The police officers handcuffed Mr Slater-Dickson, who was still face down on the road, from behind and an aggressive Mr Batterham tried again to get to him, Mr Mahon said.
Mr Mahon pushed Mr Batterham in the chest and walked him down the road towards his house.
But when he returned to the scene he said he discovered Mr Slater-Dickson was still motionless and unresponsive. He told police to take his handcuffs off and tried to rouse him before paramedics arrived and commenced CPR.
Mr Slater-Dickson’s cause of death will be the key issue at Mr Batterham’s murder trial, with prosecution and defence experts split as to the extent that violence played in him suffering three episodes of cardiac arrest and ultimately dying in hospital the day after the break-in.
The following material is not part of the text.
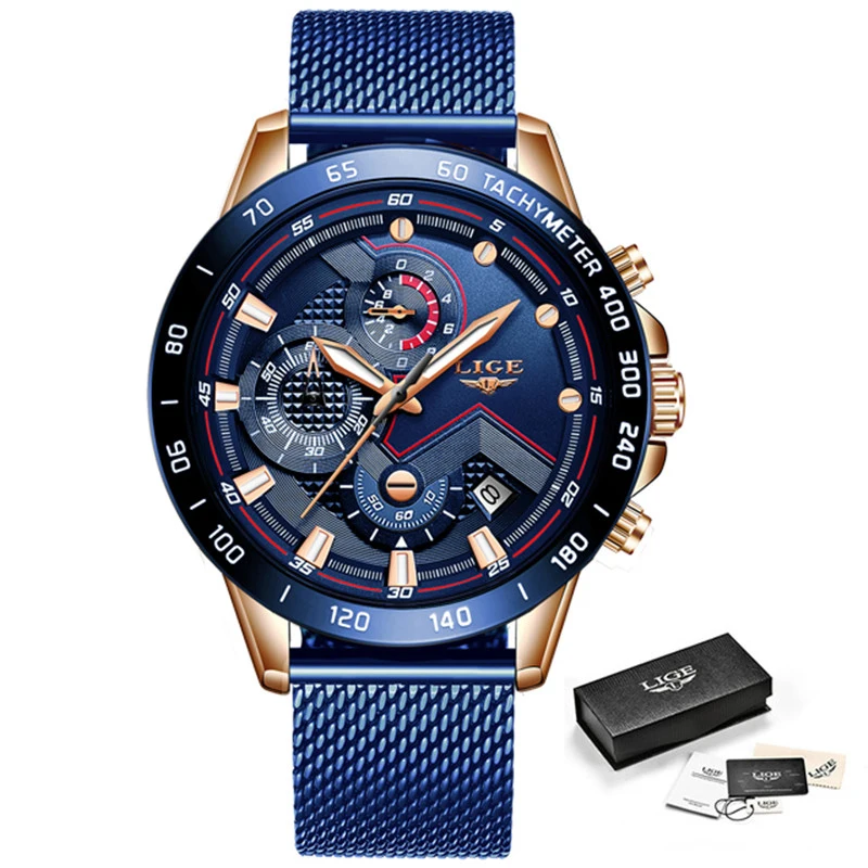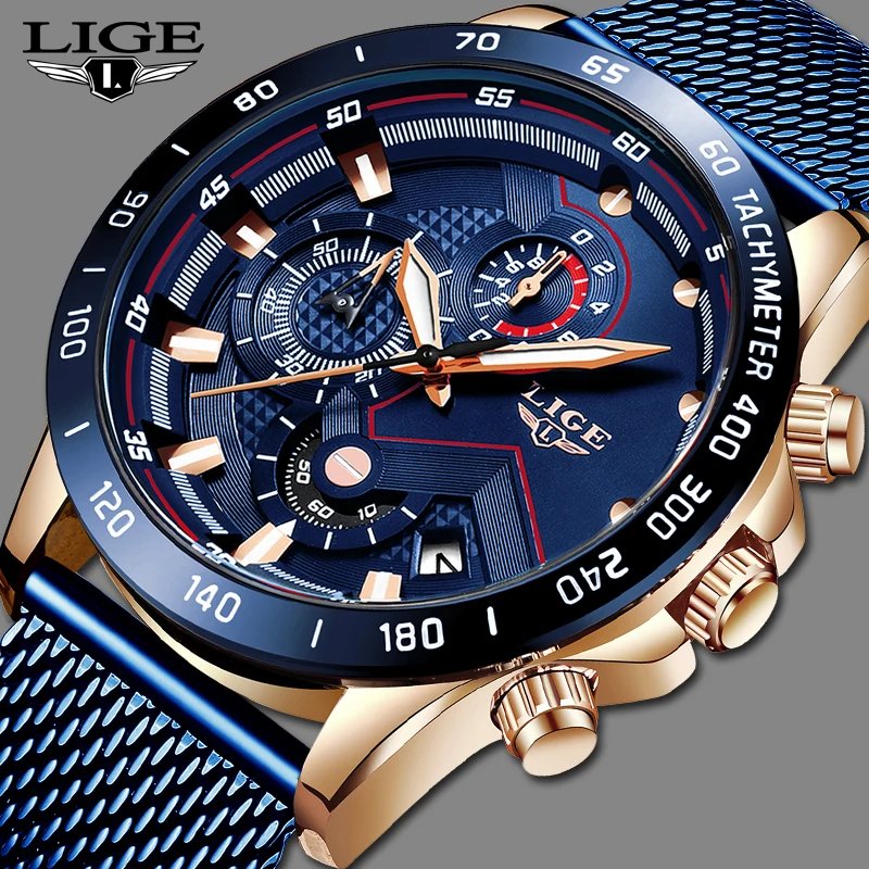 LIGE модные новые мужские часы брендовые Роскошные наручные кварцевые часы синие часы мужские водонепроницаемые спортивные хронограф Relogio Masculino

Mr Slater-Dickson had a “toxic” and “potentially lethal” level of methylamphetamine in his system that may have contributed to his death, Newcastle Local Court has previously heard.
But medical experts have also raised a number of other possible factors that could have contributed to the death of the 34-year-old, including strangulation or asphyxiation from a “choke-hold”, blows to the head and a pre-existing cardiac disease.
Mr Mahon was the only person to give evidence on Monday during what is expected to be a four-day committal hearing.
Between September 10 and 12, Magistrate David Price will hear from both the defence and prosecution expert cardiologists, forensic pathologists and toxicologists.
The defence claim that Mr Batterham should not be committed for trial for murder, citing their medical reports that indicate either the methylamphetamine in Mr Slater-Dickson’s system or other circumstances, independent of the assault, caused his death.
Mr Batterham remains on Supreme Court bail after twice being refused bail since being charged with Mr Slater-Dickson’s murder.